§ **Work task**
Nothing but an exact repeat of the data, with pictures removed, belongs in the answer.

§ **Record extracts**
■ ■ ■ ■ ■

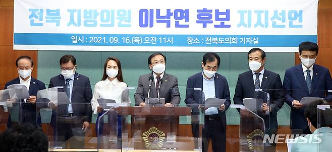 [전주=뉴시스] 김얼 기자 = 전북지역 지방의원들이 16일 전북 전주시 전북도의회 브리핑룸에서 이낙연 더불어민주당 대선 경선 후보 지지 선언 기자회견을 열고 선언문을 낭독하고 있다. 2021.09.16. pmkeul@newsis.com
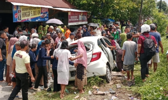 “Mobil sudah hampir melewati rel, tapi kereta datang kencang dari arah Simpang Aru dan langsung menghantam bagian samping,” ujarnya.
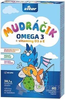 Originálny názov: VITAR MUDráčik OMEGA 3 + vitamíny D3 a E žuvacie kapsule s príchuťou tutti-frutti 1x60 ks
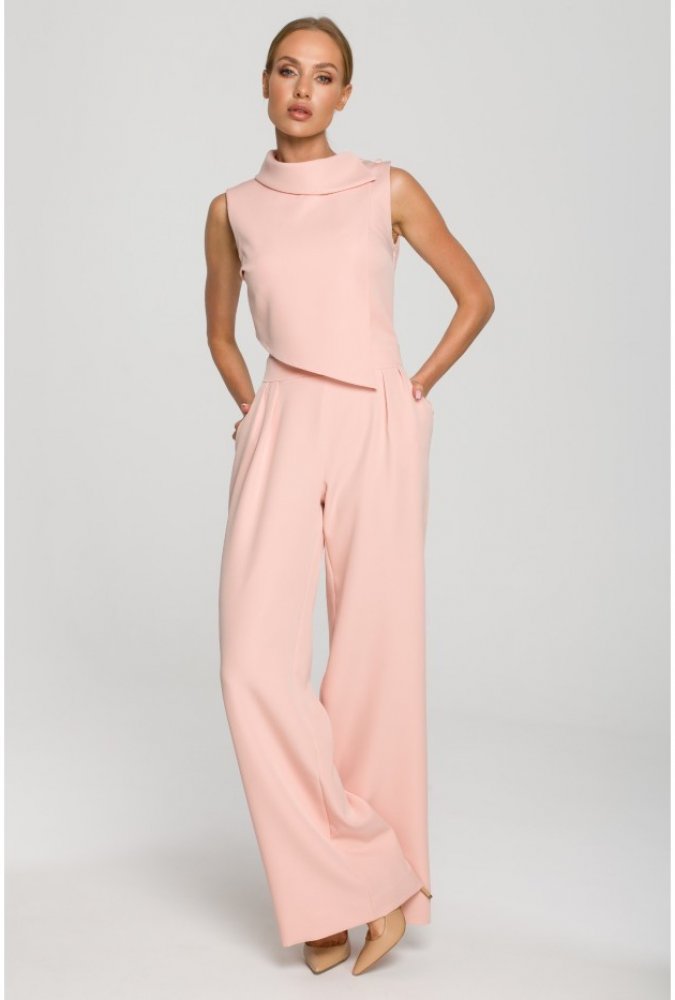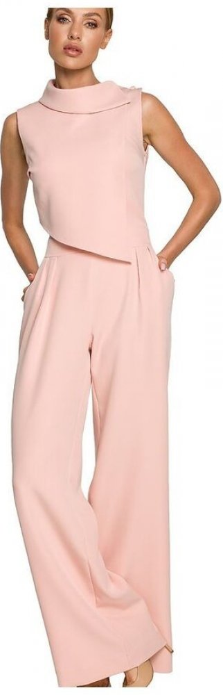 Zajímavě řešený jedinečný overal s širokými nohavicemi, úzkým pasem, dvouvrstvým asymetrickým topem a vysokým límečkem se zajímavým zapínáním. Zapínání na skrytý zip na zádech.
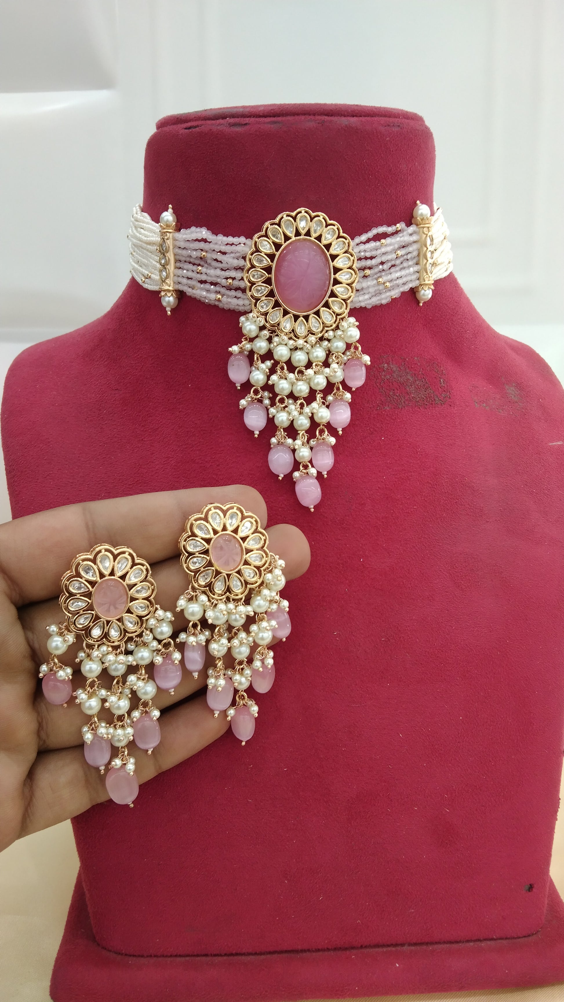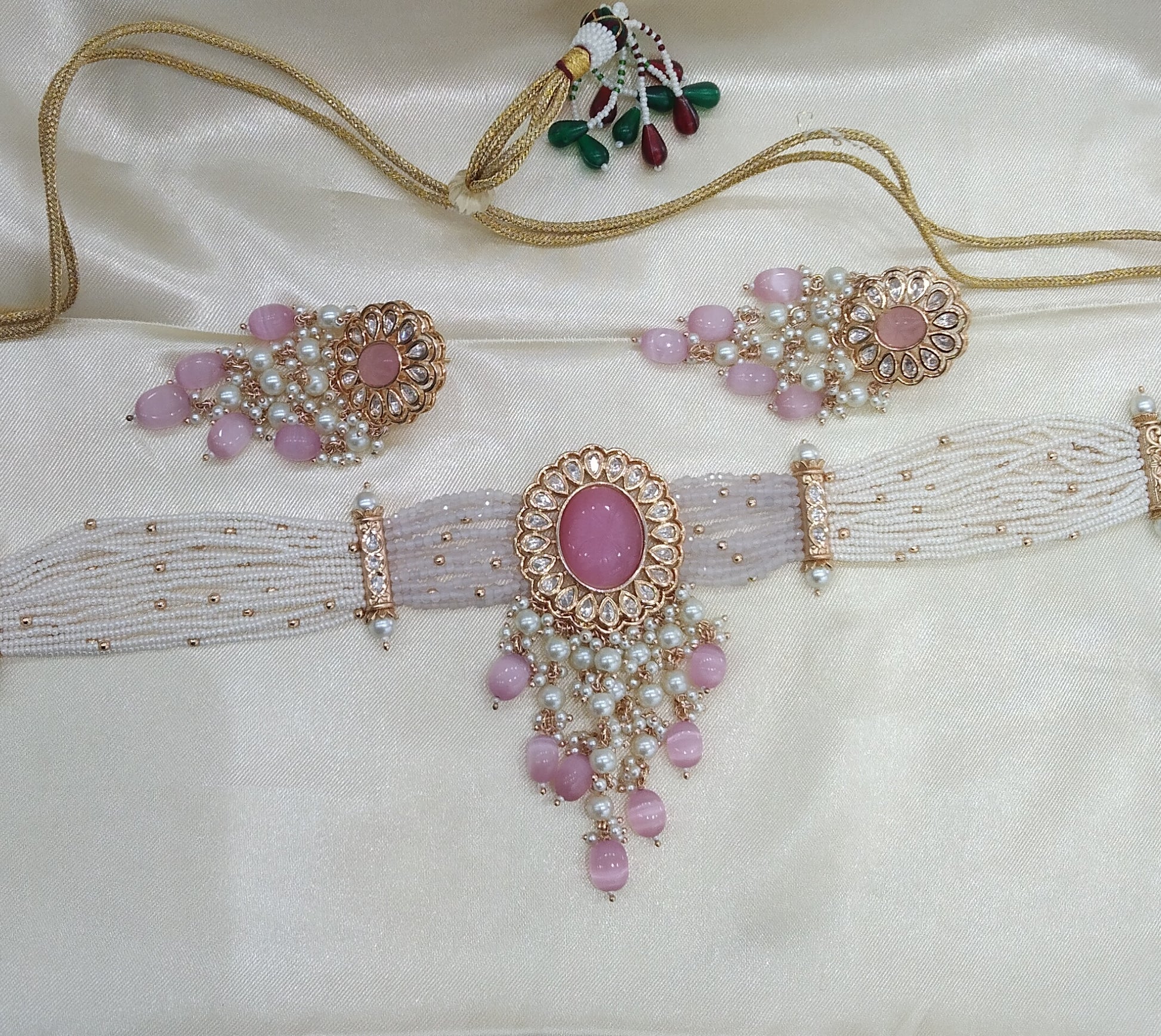 Nikk Baby Pink kundan Indian Choker Jewellery Set

■ ■ ■ ■ ■

§ **Finished task**
 [전주=뉴시스] 김얼 기자 = 전북지역 지방의원들이 16일 전북 전주시 전북도의회 브리핑룸에서 이낙연 더불어민주당 대선 경선 후보 지지 선언 기자회견을 열고 선언문을 낭독하고 있다. 2021.09.16. pmkeul@newsis.com
 “Mobil sudah hampir melewati rel, tapi kereta datang kencang dari arah Simpang Aru dan langsung menghantam bagian samping,” ujarnya.
 Originálny názov: VITAR MUDráčik OMEGA 3 + vitamíny D3 a E žuvacie kapsule s príchuťou tutti-frutti 1x60 ks
 Zajímavě řešený jedinečný overal s širokými nohavicemi, úzkým pasem, dvouvrstvým asymetrickým topem a vysokým límečkem se zajímavým zapínáním. Zapínání na skrytý zip na zádech.
 Nikk Baby Pink kundan Indian Choker Jewellery Set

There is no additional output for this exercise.